- Material to process

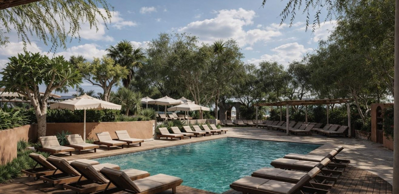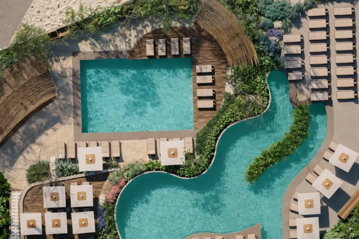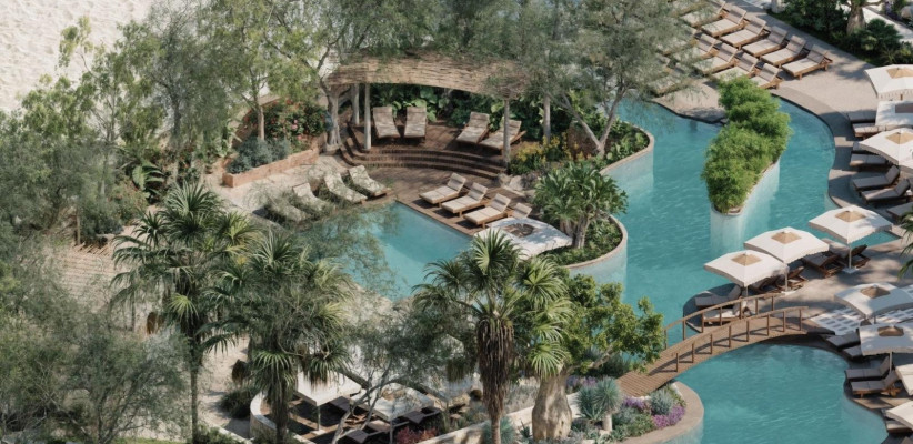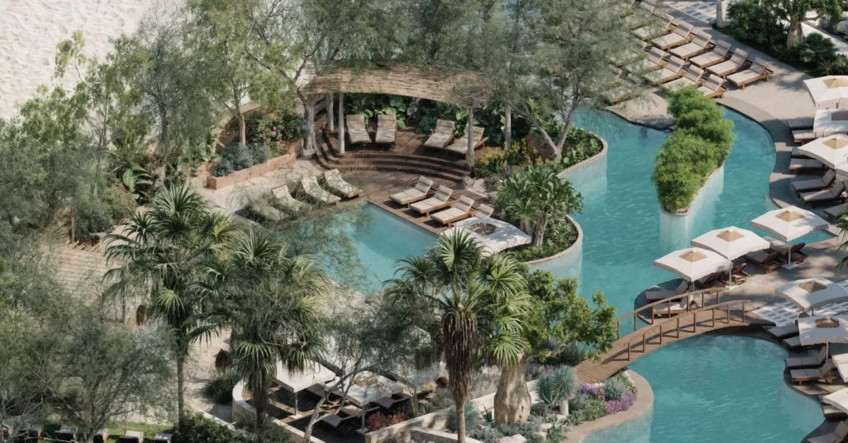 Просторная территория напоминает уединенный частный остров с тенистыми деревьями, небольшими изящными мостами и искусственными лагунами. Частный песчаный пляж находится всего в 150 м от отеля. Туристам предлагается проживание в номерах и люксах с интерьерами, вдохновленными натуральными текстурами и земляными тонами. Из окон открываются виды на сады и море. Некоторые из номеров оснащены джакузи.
--
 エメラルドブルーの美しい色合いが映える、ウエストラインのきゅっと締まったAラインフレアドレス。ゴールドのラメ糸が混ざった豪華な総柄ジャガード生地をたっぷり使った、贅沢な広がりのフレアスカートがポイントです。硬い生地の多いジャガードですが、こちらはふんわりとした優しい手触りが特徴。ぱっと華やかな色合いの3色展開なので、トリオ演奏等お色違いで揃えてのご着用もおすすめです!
* * *
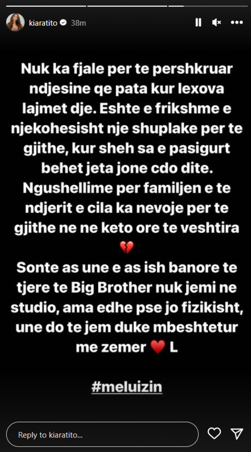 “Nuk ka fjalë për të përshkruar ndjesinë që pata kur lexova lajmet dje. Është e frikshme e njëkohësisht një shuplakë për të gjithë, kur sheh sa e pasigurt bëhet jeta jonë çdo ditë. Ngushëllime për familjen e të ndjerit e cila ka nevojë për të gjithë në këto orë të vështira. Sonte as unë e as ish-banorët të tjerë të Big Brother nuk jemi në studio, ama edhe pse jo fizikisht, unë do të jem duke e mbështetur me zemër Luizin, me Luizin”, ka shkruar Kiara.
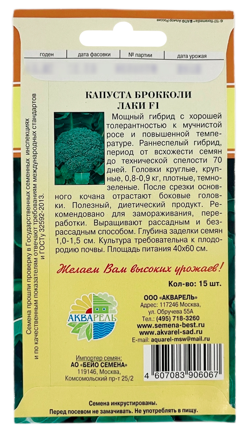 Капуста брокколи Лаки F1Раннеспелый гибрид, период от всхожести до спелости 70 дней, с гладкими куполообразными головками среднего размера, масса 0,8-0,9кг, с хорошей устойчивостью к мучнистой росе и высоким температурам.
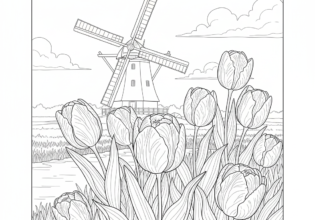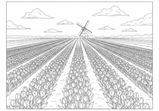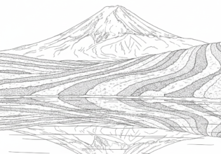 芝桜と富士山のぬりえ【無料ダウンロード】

- Exercise objective
Both the line above containing "Капуста брокколи Лаки" and the line containing "芝桜と富士山のぬりえ【無料ダウンロード】" belong in the copy, along with every line between them; print these exactly and omit the pictures.

- Answer
 Капуста брокколи Лаки F1Раннеспелый гибрид, период от всхожести до спелости 70 дней, с гладкими куполообразными головками среднего размера, масса 0,8-0,9кг, с хорошей устойчивостью к мучнистой росе и высоким температурам.
 芝桜と富士山のぬりえ【無料ダウンロード】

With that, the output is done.